* [ASSIGNED TASK]: Will you output all of the data below exactly, omitting the images?

* [INPUT DATA]:
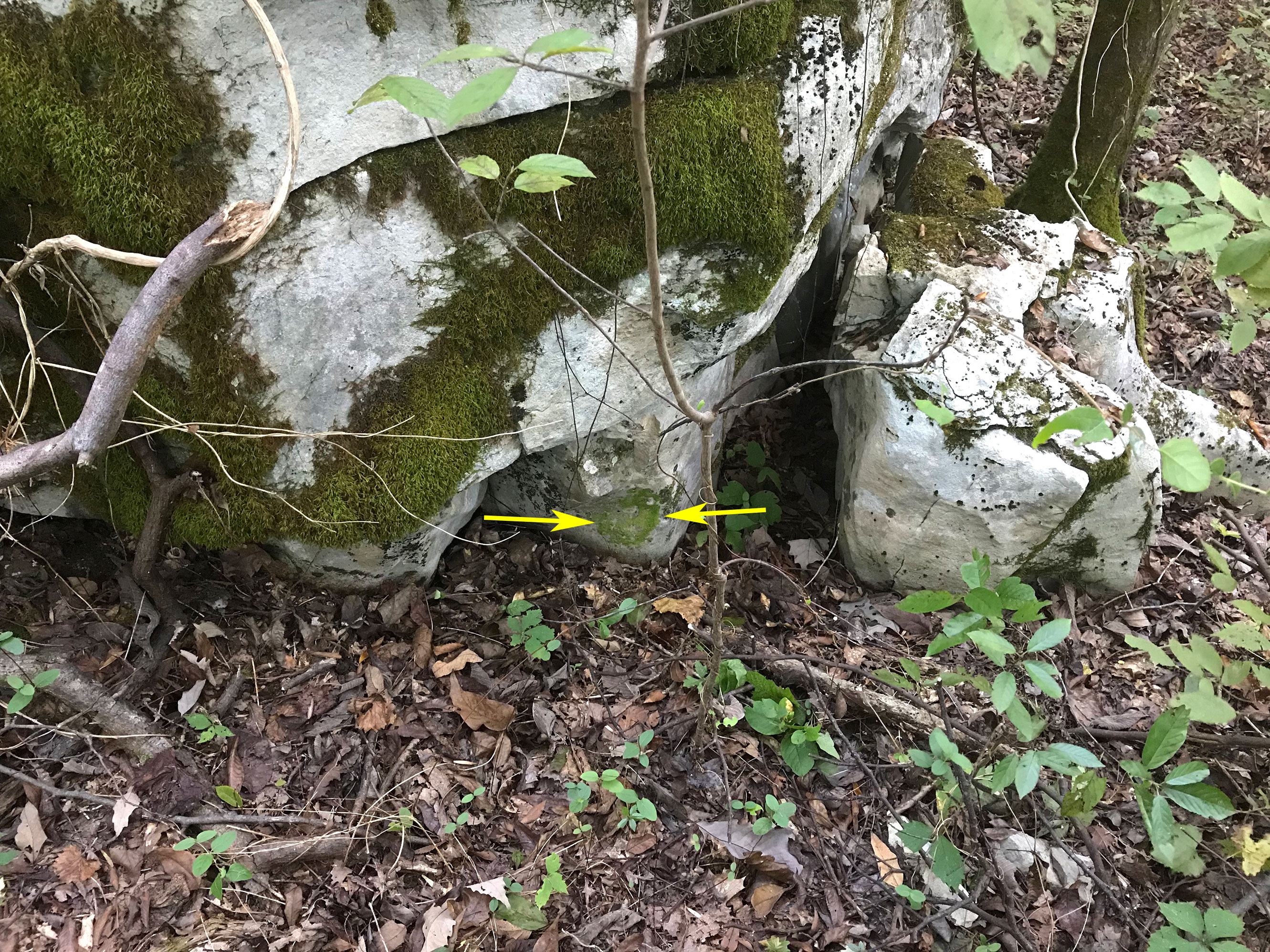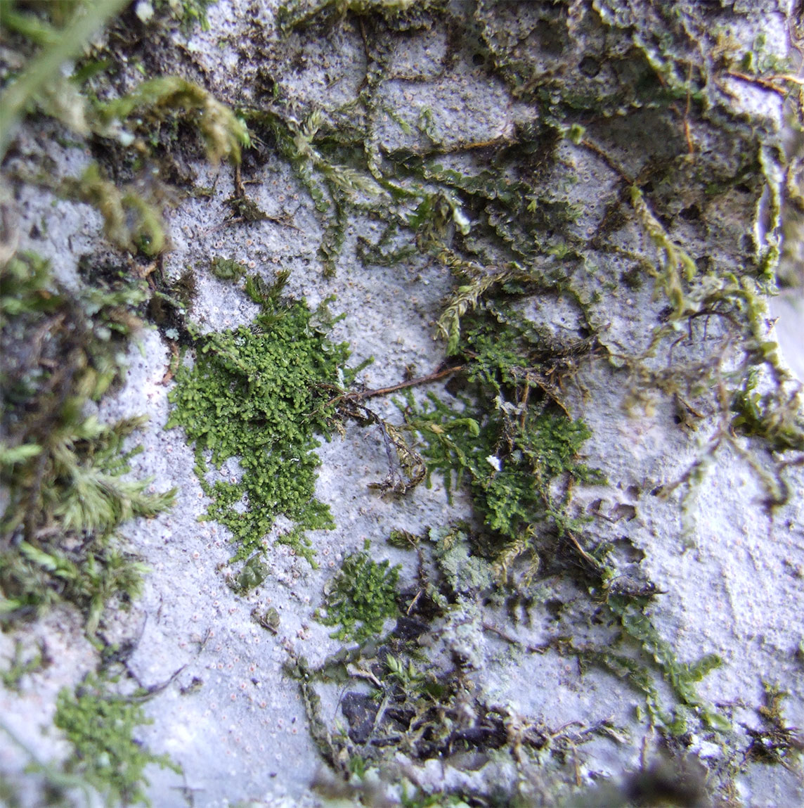 In the Southeastern U.S., the species appears confined to calcareous rock, occurring either directly on the rock or upon other bryophytes (mosses, leafy and thalloid liverworts) growing on rock. In China, known to occur as an epiphyll upon the leaves of vascular plants (Zhu and So 2001). An epiphyllous occurrence may yet be discovered in the U.S. (Risk et al. 2011), and in fact a specimen, M.L. Hicks 8405 DUKE, bryophyteportal, is labeled as "epiphyllous on Trichomanes petersii."
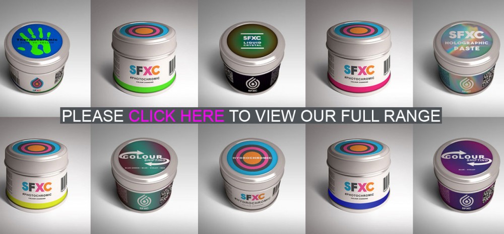Manufacturers and suppliers of best price colour changing paint and colour changing ink currently for sale. These color changing hydrochromic and photochromic coatings include hydrochromic inks and colour changing pigments, that include photochromic ink, thermochromic ink or photochromic coatings. These colour changing pigments are used in colour changing car paint using thermographic paint or sometimes hydrochromic paint to create a colour shifting effect that changes visually depending on the angle viewed. Liquid crystal ink, thermochromatic and new holographic ink is now being used as a special effect and coating to get a really fascinating and exciting special effect.
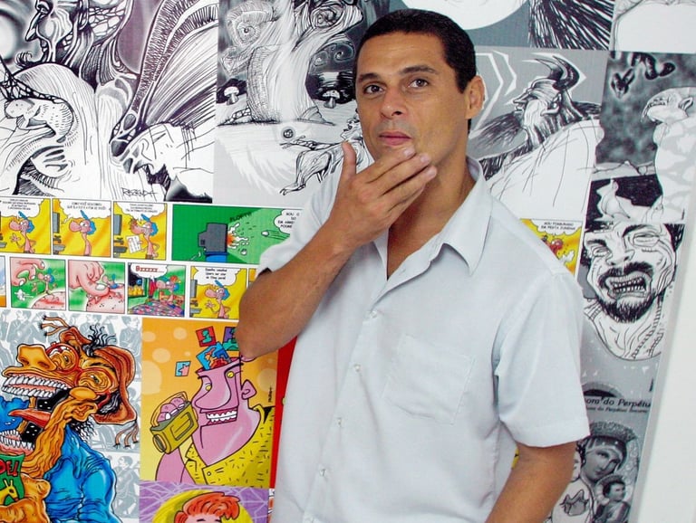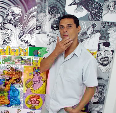 Rezende em seu Estúdio Zarabatana junto com Dada Jaques. Ano 2000

* [ANSWER SECTION]:
 In the Southeastern U.S., the species appears confined to calcareous rock, occurring either directly on the rock or upon other bryophytes (mosses, leafy and thalloid liverworts) growing on rock. In China, known to occur as an epiphyll upon the leaves of vascular plants (Zhu and So 2001). An epiphyllous occurrence may yet be discovered in the U.S. (Risk et al. 2011), and in fact a specimen, M.L. Hicks 8405 DUKE, bryophyteportal, is labeled as "epiphyllous on Trichomanes petersii."
Manufacturers and suppliers of best price colour changing paint and colour changing ink currently for sale. These color changing hydrochromic and photochromic coatings include hydrochromic inks and colour changing pigments, that include photochromic ink, thermochromic ink or photochromic coatings. These colour changing pigments are used in colour changing car paint using thermographic paint or sometimes hydrochromic paint to create a colour shifting effect that changes visually depending on the angle viewed. Liquid crystal ink, thermochromatic and new holographic ink is now being used as a special effect and coating to get a really fascinating and exciting special effect.
 Rezende em seu Estúdio Zarabatana junto com Dada Jaques. Ano 2000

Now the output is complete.